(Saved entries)
◆ ◆ ◆ ◆

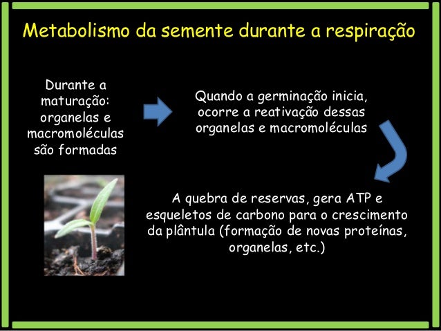 33. 33. Metabolismo da semente durante a respiração Durante a maturação: organelas e macromoléculas são formadas Quando a germinação inicia, ocorre a reativação dessas organelas e macromoléculas A quebra de reservas, gera ATP e esqueletos de carbono para o crescimento da plântula (formação de novas proteínas, organelas, etc.)
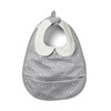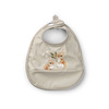 Den breda passformen täcker både axlar och bröst, och den flexibla fickan framtill fångar upp smulor och spill. Haklappen fästs med ett mjukt kardborreband i nacken, vilket gör att halsvidden kan justeras efter behov.
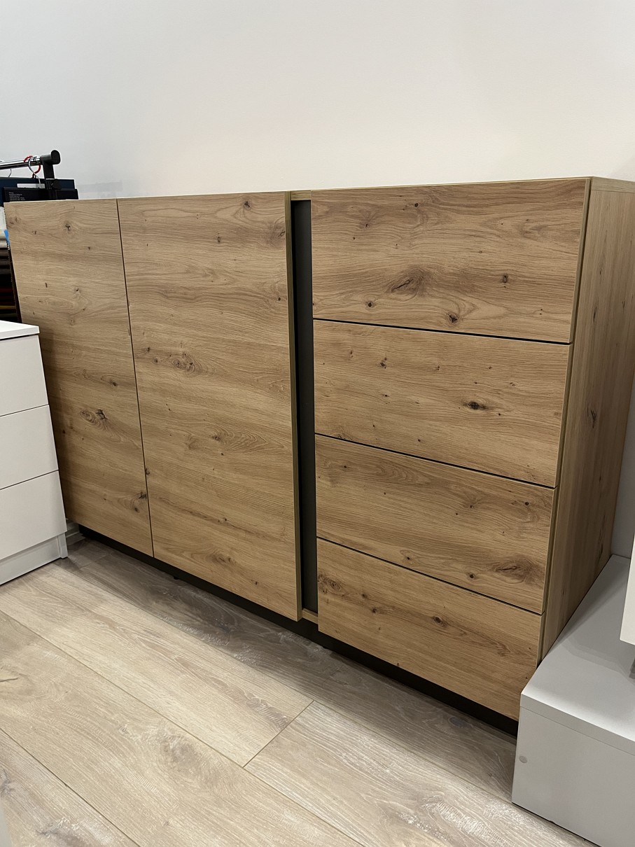 Комод Arco 2D4S/138 Perfect Home Польща оснащений двома розпашними дверцятами та чотирма місткими шухлядами. Завдяки такій конструкції, це дуже практичний предмет меблів. Він ідеально підійде як шафа для білизни в спальні, а також як буфет у вітальні. Білі прості геометричні фасади, розділені стрічкою в кольорі дуб грандсон, є характерною рисою всієї колекції меблів. Комод Marco поставляється в розібраному вигляді з інструкцією по збірці.
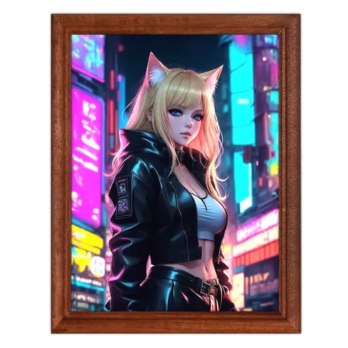 Постер в рамке 17х22см Аниме девушка неко в городе POSV-0454
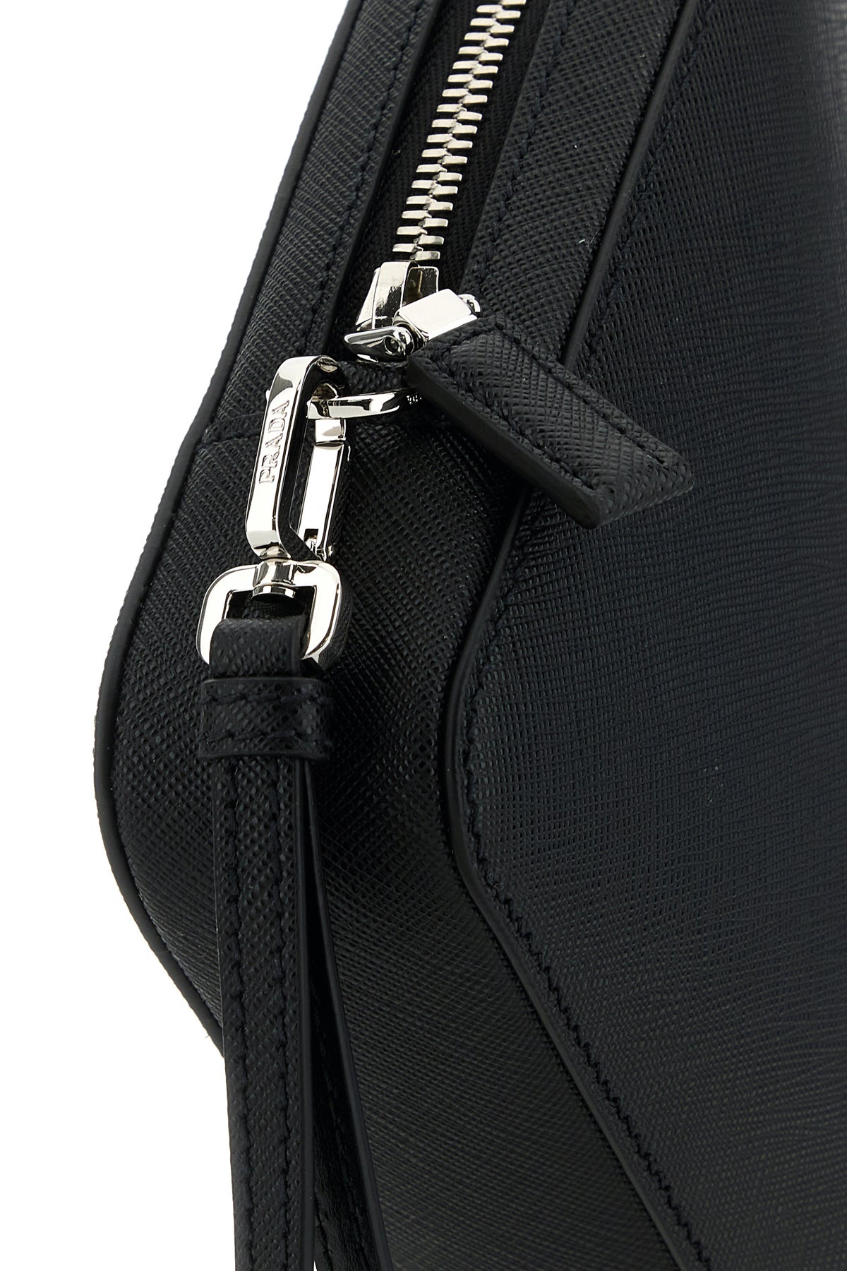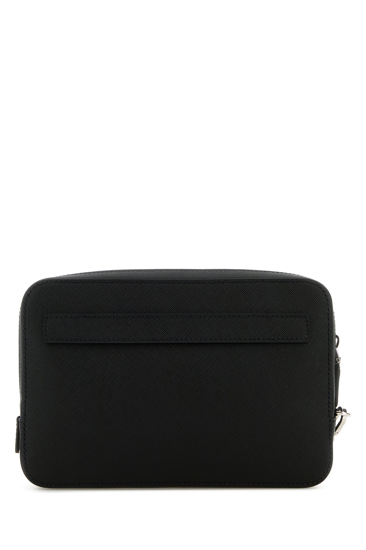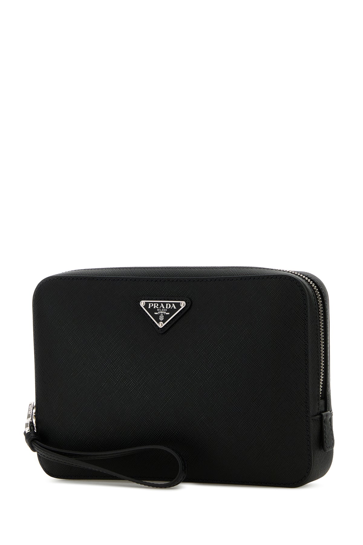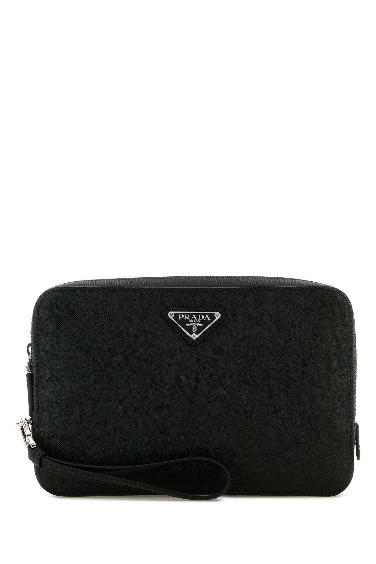 Clutch realized in Saffiano leather enriched by iconic metal logoed triangle at the front.
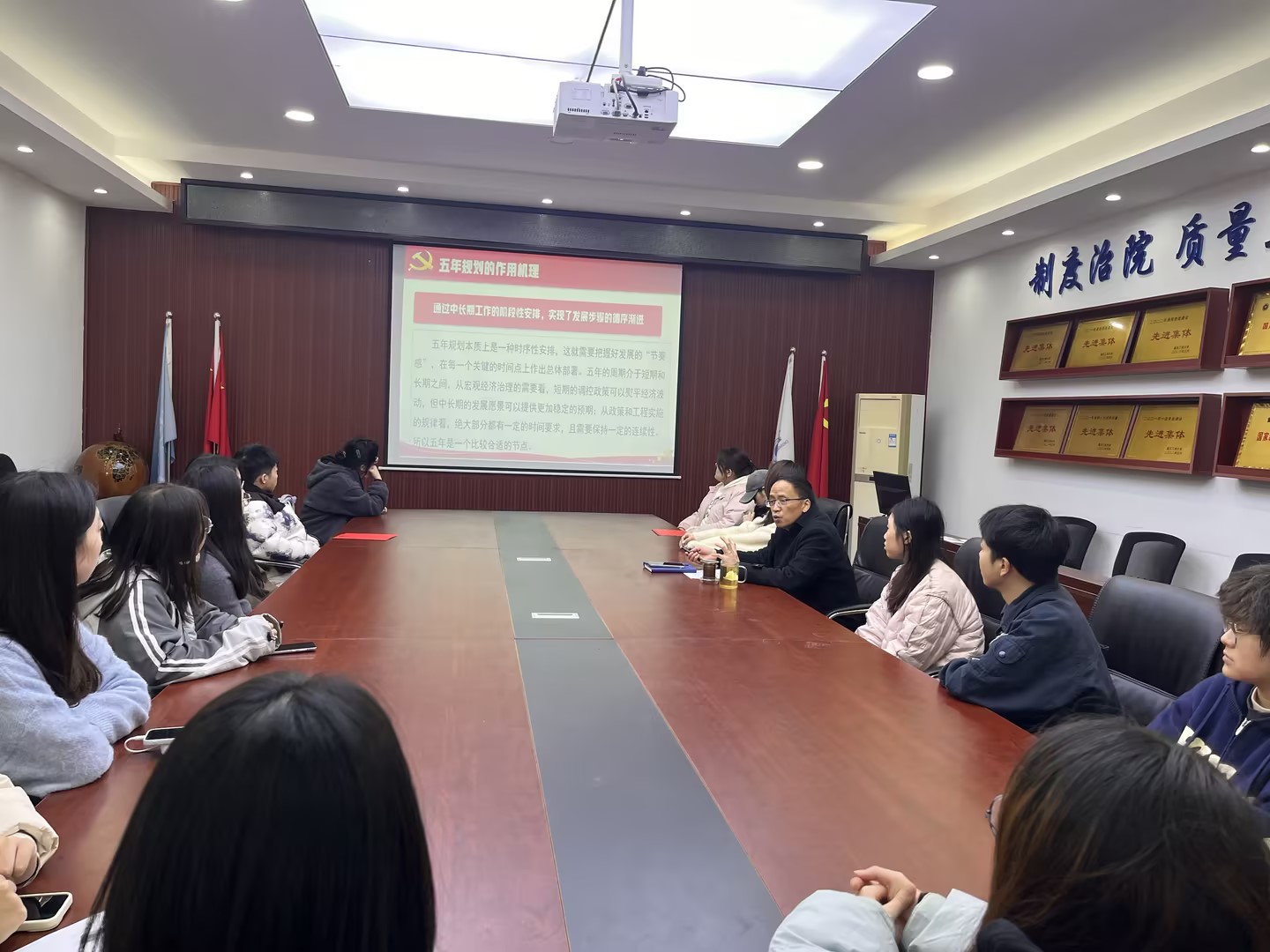 宣讲会上,尹建平同志围绕“中国之治”的突出优势展开,重点解读了五年规划这一重要治理经验。从1953年至今,我国已连续编制实施14个五年规划,即将启动“十五五”规划,在经济发展、资源配置、民生改善等方面创造了举世瞩目的成就。尹建平同志深入剖析了五年规划的作用机理,从阶段性安排的循序渐进、规划理念的持续更新,到指标体系的精准指引、任务布局的战略导向,再到重大举措的资源聚合、重大工程的落地见效,以及问计于民的集思广益、规划体系的上下贯通,全方位展现了中国特色治理模式的科学性与优越性。
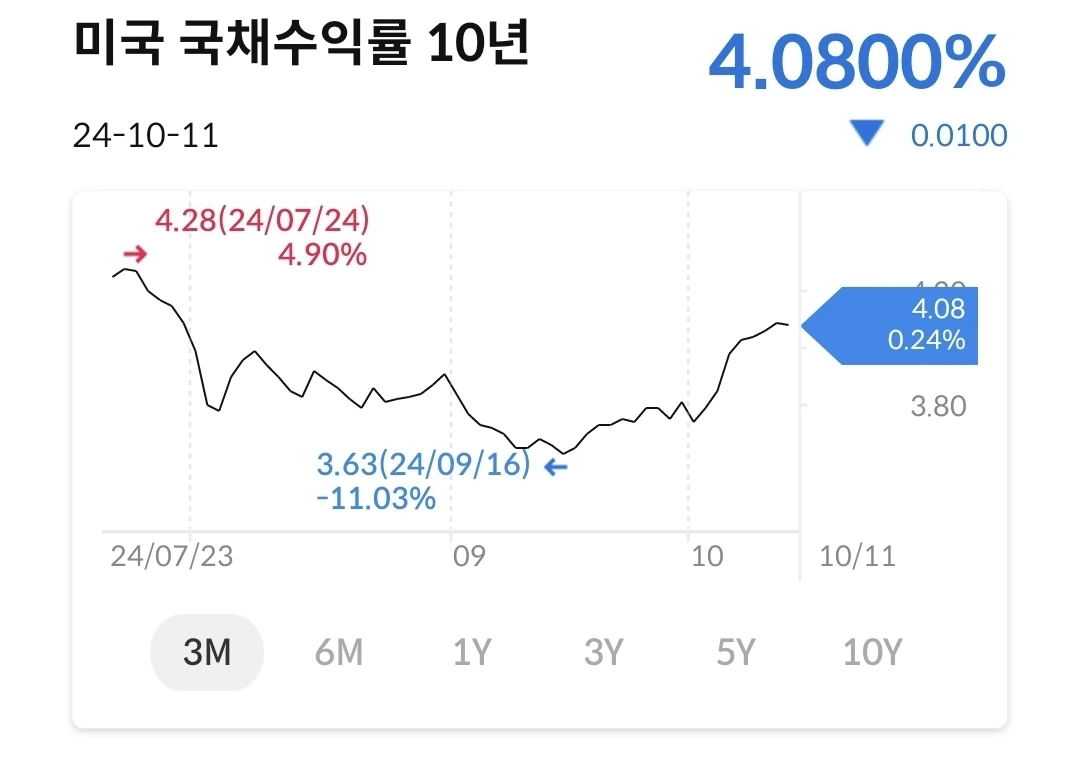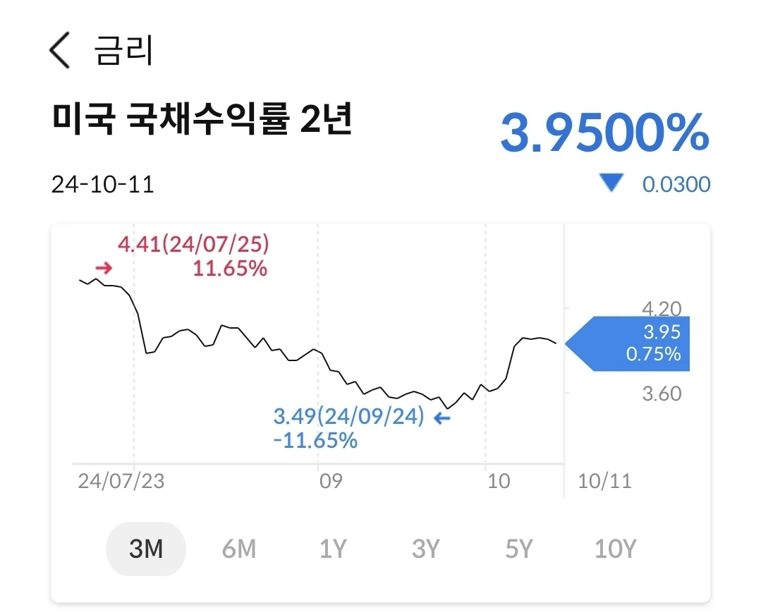 국채 2년물과 10년물이 4%를 넘었다가 2년물은 3.95%로 마감했다. 국채금리 인상은 국채가격 하락이므로, 국채 매수에 좋은 기회였다는 말이기도 하다. 다행이도 장단기 금리 역전현상은 발생하지 않았다.
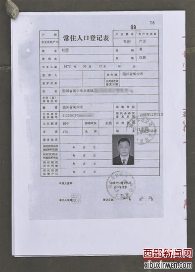 张先生提供了一份从阆中市档案馆复印的材料,男子杜某与一女子在2004年底申请了结婚登记,并提交了一份常住人口登记表,其中身份证号、文化程度等均与张先生户口簿内容一致。“除了名字和照片不是我,其他信息都是我的。”张先生说。成都商报记者看到,该登记表出具于2004年11月28日,盖有水观派出所的公章及承办人印章。
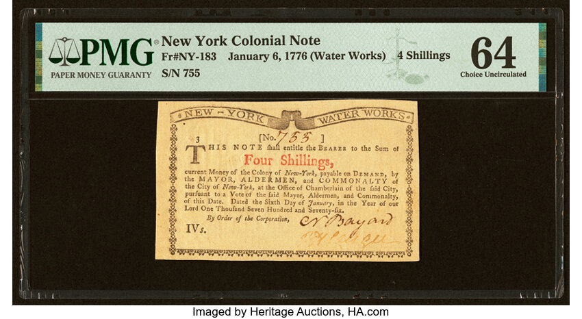 Jan 6, 1776 New York 4s PMG CU64 (Fr. NY183)
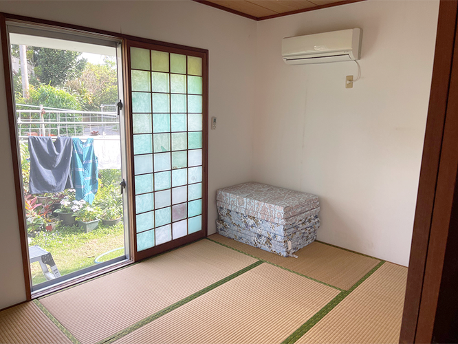 古宇利島の隣「屋嘉地島」にある1棟貸の宿です。2階建てで和室が2部屋、洋室が2部屋ございます。
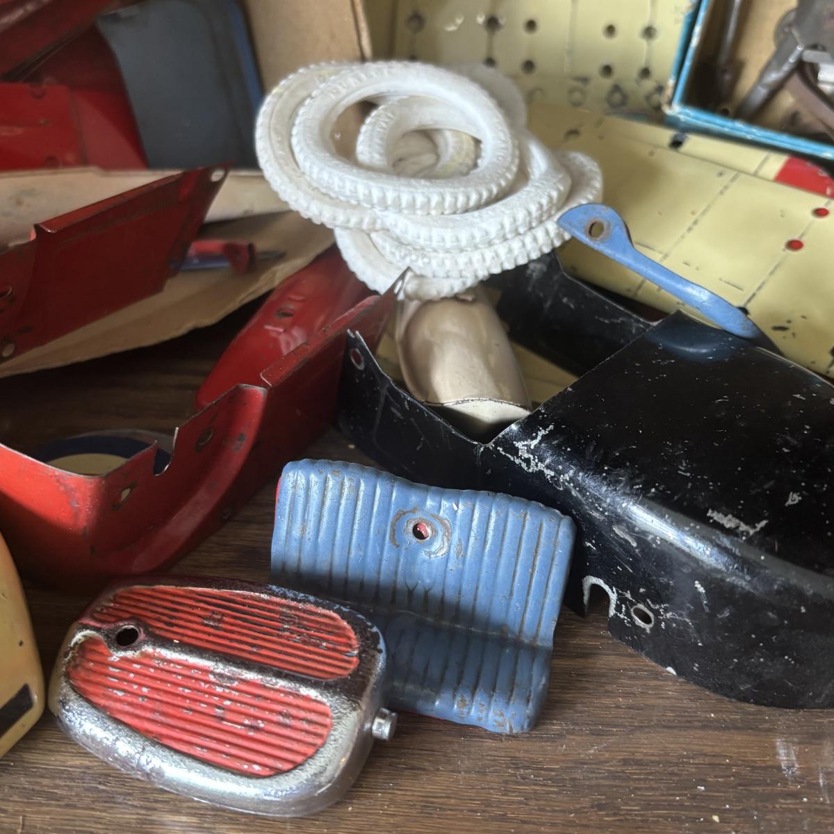 LOT 195: Box of Tin Parts - As Found
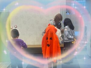 当日は仮装をしてお菓子をもらってご機嫌でした🎵
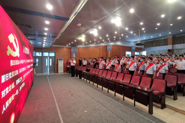 现场四位党员代表姜玲玲、赵德银、朱丽男、于森共同朗诵了配乐诗《信念永恒》,展现了中国共产党成立99年来,从无到有、由弱到强、薪火相传、生生不息的壮丽篇章。
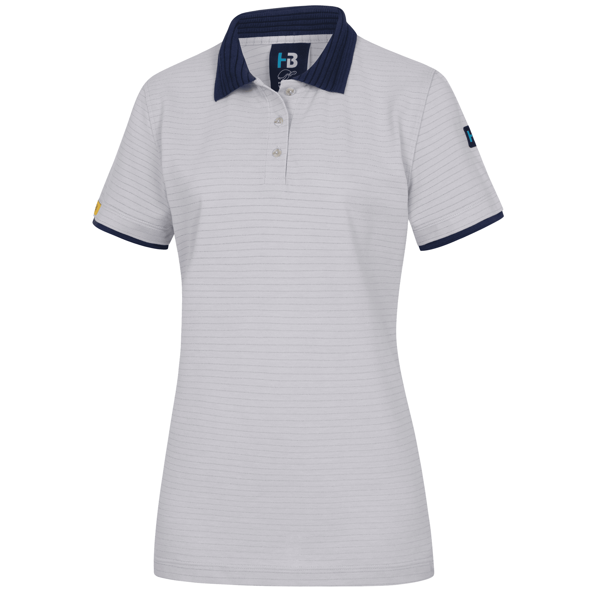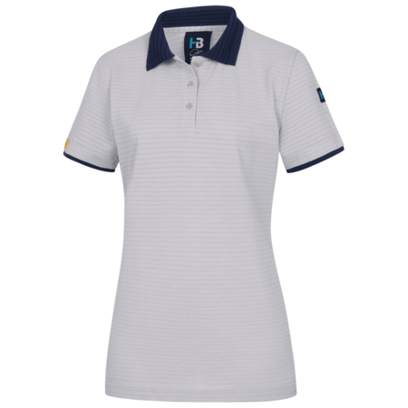 two-coloured • female cut • conductive polo collar • polo placket with buttoning • double-stitched sleeve opening • stylish shirt length, suitable for wearing on top • EPA logo on right upper arm.Fields of application
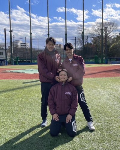 健伸(前田健伸・4年・内・商・大阪桐蔭)とは遠征のたびに同部屋で、喧嘩もしたけどやっぱり相方としてしっくりきます。これからも色々と助け合っていこうね。一輝(松江一輝・4年・内・人間・桐光学園)はいつも馬鹿にしてきますが根はいいやつで何かと頼りにしています。2人とはここには書ききれない思い出があります。またゆっくり話そうね。あれもこれも3人だったから支え合ってここまでくることができたと思います。
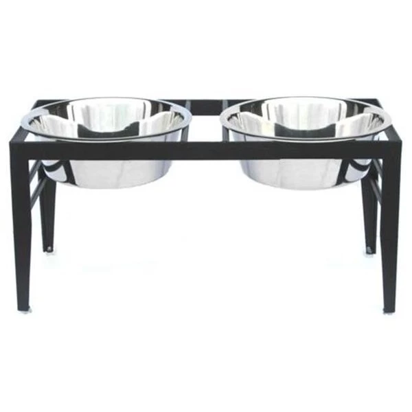 The Chariot Elevated Raised Double Diner Dog Bowl features a sleek rectangular design with angle iron legs. This raised dog bowl feeder is just perfect for any pet owner as it will work with any decor. The elevated double diner dog bowl feeder comes with crystal non-skid plastic tips and a shiny gloss finish. Chariot Elevated Raised Double Diner Dog Bowl allows you to give your pet food and water at the same time in this elevated double bowl set.FeaturesInclude heavy wrought iron standCrystal Non-skid plastic tips on legsShiny Gloss FinishSturdy Construction(2) Stainless steel dog bowlsRounded sides keep food and water centeredLarge bowl opening enable easy refillingRemovable bowls for easy cleaningNo sharp edgesSize – Large3 Quarts
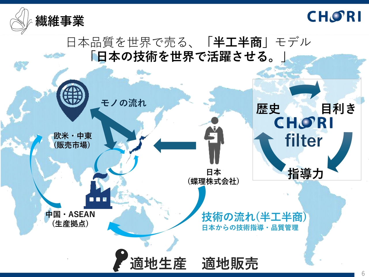 蝶理の最大の強みは、単なる商社としての仲介にとどまらない、「半工半商」という独自のビジネスモデルにあります。自社工場を持たずとも、製造現場に深く入り込み技術指導を行う「蝶理フィルター」を機能させることで、日本品質の製品を世界中の拠点から供給できる体制を整えています。

◆ ◆ ◆ ◆

▶ _Task to complete_
Copy out all the data above exactly as written. Skip the pictures.

▶ _Written answer_
 33. 33. Metabolismo da semente durante a respiração Durante a maturação: organelas e macromoléculas são formadas Quando a germinação inicia, ocorre a reativação dessas organelas e macromoléculas A quebra de reservas, gera ATP e esqueletos de carbono para o crescimento da plântula (formação de novas proteínas, organelas, etc.)
 Den breda passformen täcker både axlar och bröst, och den flexibla fickan framtill fångar upp smulor och spill. Haklappen fästs med ett mjukt kardborreband i nacken, vilket gör att halsvidden kan justeras efter behov.
 Комод Arco 2D4S/138 Perfect Home Польща оснащений двома розпашними дверцятами та чотирма місткими шухлядами. Завдяки такій конструкції, це дуже практичний предмет меблів. Він ідеально підійде як шафа для білизни в спальні, а також як буфет у вітальні. Білі прості геометричні фасади, розділені стрічкою в кольорі дуб грандсон, є характерною рисою всієї колекції меблів. Комод Marco поставляється в розібраному вигляді з інструкцією по збірці.
 Постер в рамке 17х22см Аниме девушка неко в городе POSV-0454
 Clutch realized in Saffiano leather enriched by iconic metal logoed triangle at the front.
 宣讲会上,尹建平同志围绕“中国之治”的突出优势展开,重点解读了五年规划这一重要治理经验。从1953年至今,我国已连续编制实施14个五年规划,即将启动“十五五”规划,在经济发展、资源配置、民生改善等方面创造了举世瞩目的成就。尹建平同志深入剖析了五年规划的作用机理,从阶段性安排的循序渐进、规划理念的持续更新,到指标体系的精准指引、任务布局的战略导向,再到重大举措的资源聚合、重大工程的落地见效,以及问计于民的集思广益、规划体系的上下贯通,全方位展现了中国特色治理模式的科学性与优越性。
 국채 2년물과 10년물이 4%를 넘었다가 2년물은 3.95%로 마감했다. 국채금리 인상은 국채가격 하락이므로, 국채 매수에 좋은 기회였다는 말이기도 하다. 다행이도 장단기 금리 역전현상은 발생하지 않았다.
 张先生提供了一份从阆中市档案馆复印的材料,男子杜某与一女子在2004年底申请了结婚登记,并提交了一份常住人口登记表,其中身份证号、文化程度等均与张先生户口簿内容一致。“除了名字和照片不是我,其他信息都是我的。”张先生说。成都商报记者看到,该登记表出具于2004年11月28日,盖有水观派出所的公章及承办人印章。
 Jan 6, 1776 New York 4s PMG CU64 (Fr. NY183)
 古宇利島の隣「屋嘉地島」にある1棟貸の宿です。2階建てで和室が2部屋、洋室が2部屋ございます。
 LOT 195: Box of Tin Parts - As Found
 当日は仮装をしてお菓子をもらってご機嫌でした🎵
 现场四位党员代表姜玲玲、赵德银、朱丽男、于森共同朗诵了配乐诗《信念永恒》,展现了中国共产党成立99年来,从无到有、由弱到强、薪火相传、生生不息的壮丽篇章。
 two-coloured • female cut • conductive polo collar • polo placket with buttoning • double-stitched sleeve opening • stylish shirt length, suitable for wearing on top • EPA logo on right upper arm.Fields of application
 健伸(前田健伸・4年・内・商・大阪桐蔭)とは遠征のたびに同部屋で、喧嘩もしたけどやっぱり相方としてしっくりきます。これからも色々と助け合っていこうね。一輝(松江一輝・4年・内・人間・桐光学園)はいつも馬鹿にしてきますが根はいいやつで何かと頼りにしています。2人とはここには書ききれない思い出があります。またゆっくり話そうね。あれもこれも3人だったから支え合ってここまでくることができたと思います。
 The Chariot Elevated Raised Double Diner Dog Bowl features a sleek rectangular design with angle iron legs. This raised dog bowl feeder is just perfect for any pet owner as it will work with any decor. The elevated double diner dog bowl feeder comes with crystal non-skid plastic tips and a shiny gloss finish. Chariot Elevated Raised Double Diner Dog Bowl allows you to give your pet food and water at the same time in this elevated double bowl set.FeaturesInclude heavy wrought iron standCrystal Non-skid plastic tips on legsShiny Gloss FinishSturdy Construction(2) Stainless steel dog bowlsRounded sides keep food and water centeredLarge bowl opening enable easy refillingRemovable bowls for easy cleaningNo sharp edgesSize – Large3 Quarts
 蝶理の最大の強みは、単なる商社としての仲介にとどまらない、「半工半商」という独自のビジネスモデルにあります。自社工場を持たずとも、製造現場に深く入り込み技術指導を行う「蝶理フィルター」を機能させることで、日本品質の製品を世界中の拠点から供給できる体制を整えています。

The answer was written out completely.